Wenn man in einem fremden Land in die Schule gesteckt wird, ohne die Sprache zu können, gibt es zwei Möglichkeiten klarzukommen, bis man die Sprache kann:
a) Man hat einen großen Bruder.
b) Man ist so lustig, dass die Leute vergessen, dass man keinen hat.
Notgedrungen beschloss ich, lustig zu werden.
In der ersten großen Pause, in der neuen Schule, warfen meine Klassenkameraden mich in den Schnee. Als mir kalt wurde, stand ich auf, worauf die mich wieder in den Schnee warfen. Ein blödes Spiel, doch die Jungs hatten einen Heidenspaß. Also warf ich mich in der nächsten Pause selbst in den Schnee. Die Jungs lachten. Es war schön, endlich neue Freunde zu haben. Aber die Freundschaft hielt nur so lange ich im Schnee lag.
Ich war nicht der einzige sprachlose Ausländer in meiner Klasse. Es gab noch eine Griechin mit großen dunklen Haaren und langen schwarzen Augen. Sie hieß Antonia. Antonia wurde herumgeführt, ihr wurde alles erklärt, und als ein Typ aus der Parallelklasse sie mal an den Haaren zog, fielen die Jungs aus meiner Klasse mit Gebrüll über das Schwein her.
Ich dagegen kam morgens ins Klassenzimmer, und dieselben Jungs, die eben noch Antonias Haare verteidigt hatten, redeten in ihrer seltsamen Sprache auf mich ein und warfen mich in den Schnee. Ich hatte ja beschlossen, lustig zu werden, also lachte ich sie an - und bekam was auf die Fresse.
Als ich abends im Bett lag, dachte ich lange darüber nach, weshalb deutsche Jungs lange Haare verteidigen. Ich beschloss, dass ich in Zukunft nicht nur lustig werden wollte, nein, ich wollte auch lange Haare haben, hatte aber keine Ahnung, wie ich das bis zum nächsten Tag hinkriegen sollte.
Am nächsten Morgen traf ich Antonia auf dem Weg zur Schule. Ich hatte mir eine Mütze aufgesetzt, um meine langen Haare zu verbergen. Antonia lachte, und als wir an der Schule ankamen, waren wir Kumpels. Als wir ins Klassenzimmer rein wollten, nahmen die Jungs mir die Mütze weg, sahen, dass ich immer noch kurze Haare hatte, und wollten mich wieder verprügeln. Antonia ging dazwischen und plötzlich ließ man mich in Ruhe. Langsam kam ich dahinter: Man musste nicht selbst lange Haare haben, es reichte, wenn man jemanden kannte.

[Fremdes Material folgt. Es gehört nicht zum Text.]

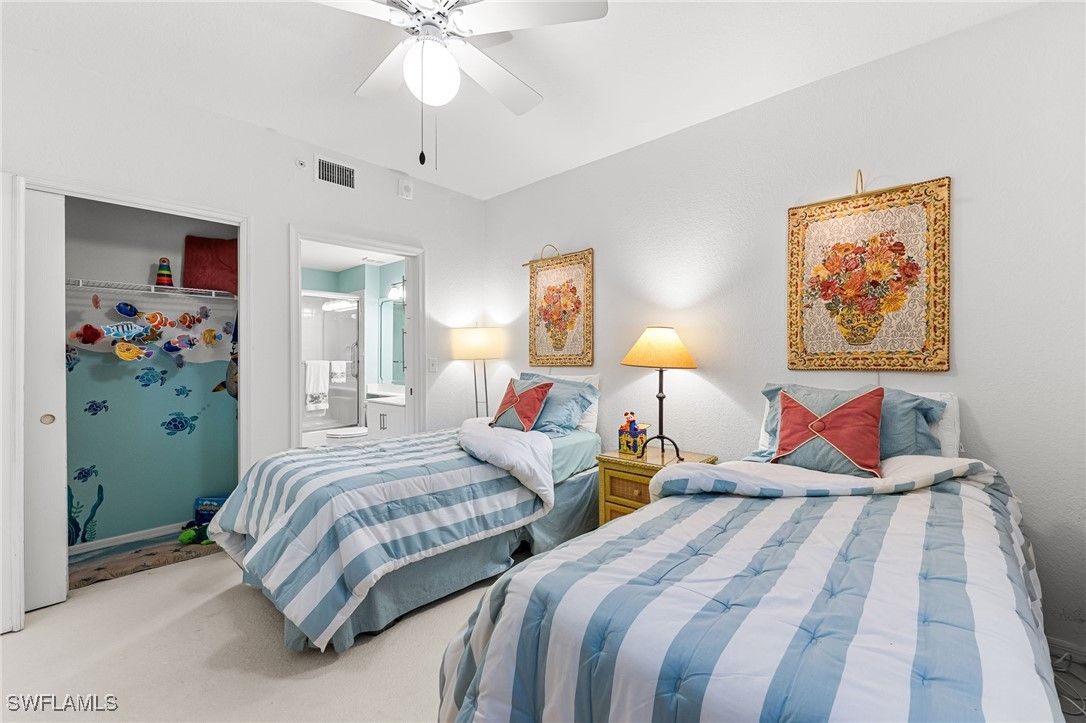 Prepare to be stunned by the sensational water views from this "Pebble Creek" condo! You will walk by a charming guest bedroom, and a Flex room that can be made into a 3rd bedroom, an office or a dining room and on to a lovely open contemporary kitchen with Stainless appliances, to the living area. The large Primary Bedroom also faces the lake and amply sized lanai. With private underground garages, and a short walk to one of 3 tram-to-beach stations, the community also boasts a beautiful clubhouse/pool/fitness/social building positioned right in the middle of the lake. The unit also has a private staircase to the community sidewalk, making a short walk to the pool even easier! The condo has only had one owner, was never rented and has been meticulously cared for. In fact, the condo has a brand new HVAC system, newer Hot Water Heater, newer smoke detectors and Roofs replaced in recent years. Looking to just move in? The furnishings are available as well, as a Turnkey offering.
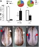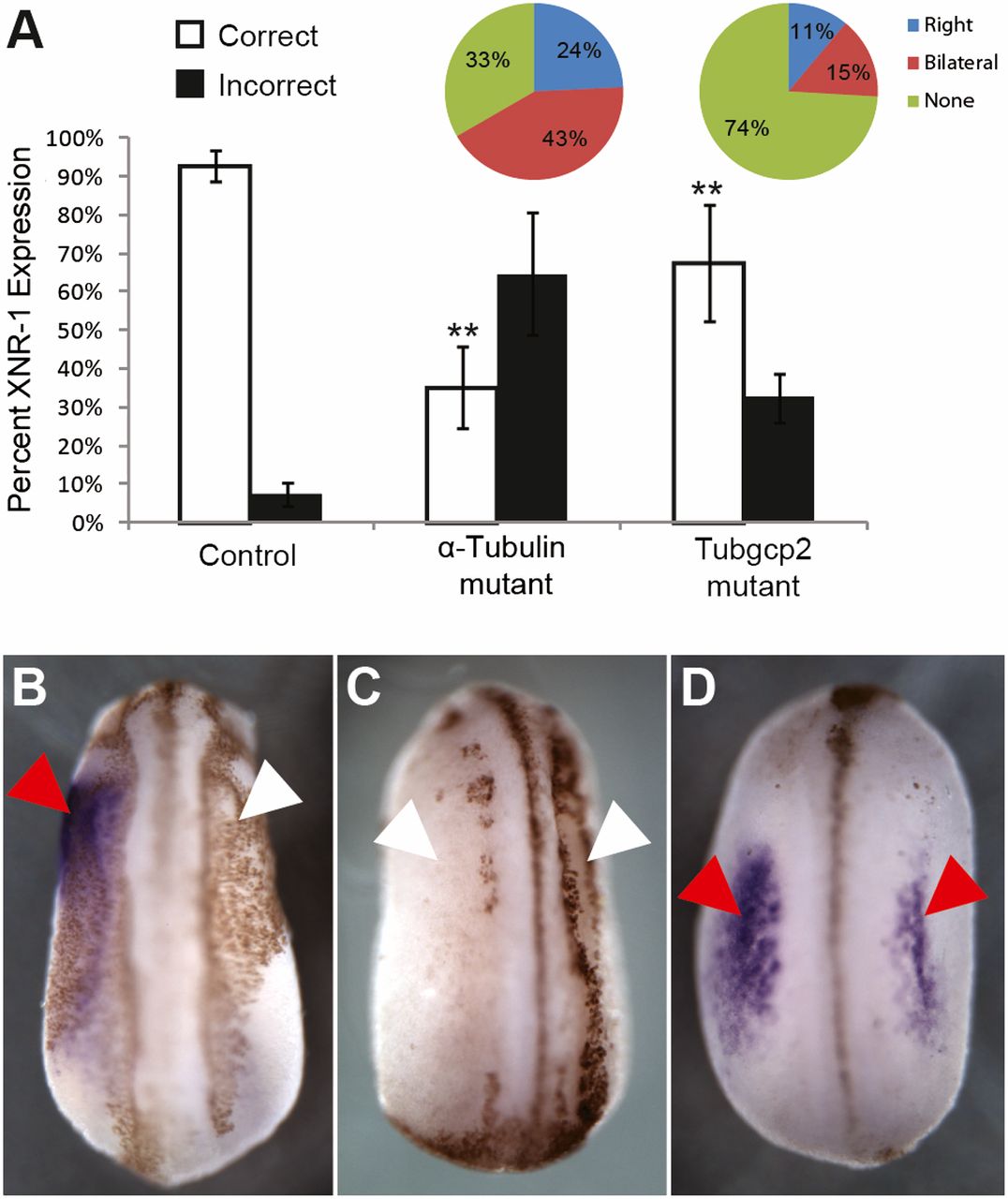 Fig. 2. Tubulin mutations perturb sidedness of asymmetric gene expression in Xenopus. Embryos injected with either tub4a mutant or Tubgcp2 mutant were processed for in situ hybridization at stage 22 with an Xnr-1 probe. (A) Both tubulin mutants deviated significantly (denoted with double asterisks) from control embryos (Tub4a: 64.7% incorrect expression, n = 51, P < <0.01 Welchâs t test; Tubgcp2: 32.5% incorrect expression, n = 83; control: 7.33% incorrect expression, n = 150, P < <0.01 Welchâs t test). (BâD) Xnr-1 expression pattern (purple stain) characterized in tubulin mutant mRNA-injected embryos. (B) Left expression indicated by one red arrow and one white arrow. (C) Absence of expression as indicated by two white arrows. (D) Bilateral expression as indicated by two red arrows.

Von da an hielt ich mich immer in Antonias Nähe auf. Ich brachte sie zum Lachen und sie brachte mir Deutschländisch bei. Der erste Satz, den ich lernte, war: »Mach die Tür zu, es zieht!«
Als ich den Satz im Klassenzimmer ausprobierte, lachten alle, irgendwas daran schien lustig zu sein, ich wusste nicht was. War mir auch egal - Hauptsache, es funktionierte: Die Jungs lachten und vergaßen dabei, dass ich keine langen Haare hatte, was ich voll fett fand. Fett war damals das Wort für extrem, doch es gab auch Probleme.
Alle Jungs mochten Antonia, daher ging sie in den Pausen oft zum Kiosk, wo man ihr Flippereis schenkte. Wenn ich dann alleine auf dem Schulhof stand und die Jungs zu mir rüberschauten, brüllte ich schnell: »Mach die Tür zu, es zieht!« Die Jungs lachten jedes Mal, aber ich war mir nicht ganz sicher, ob es immer so bleiben würde. Ich musste irgendwie an Flippereis kommen, um Antonia enger an mich zu binden.
Am nächsten Tag setzte ich mich auf dem Schulhof in einen Pappkarton und verlangte Geld für einen Witz. Ich konnte nur einen einzigen auf Deutschländisch, aber bis sich das herumgesprochen hatte, konnte ich ein Flippereis für Antonia kaufen und mir ein Top-20-Textheft aus der Hitparade.
In der nächsten Pause setzte ich mich mit dem Textheft in den Pappkarton und verlangte Geld für die neuesten Hits der Rubettes und der Bay City Rollers.
In jeder Pause saß ich im Karton und sang. Sogar die Lehrer steckten Geld rein. Ich wurde reich, deckte Antonia mit Flippereis ein und lernte langsam Deutschländisch. Die Jungs ließen mich in Ruhe, aber zur Sicherheit beschloss ich, meine Haare wachsen zu lassen.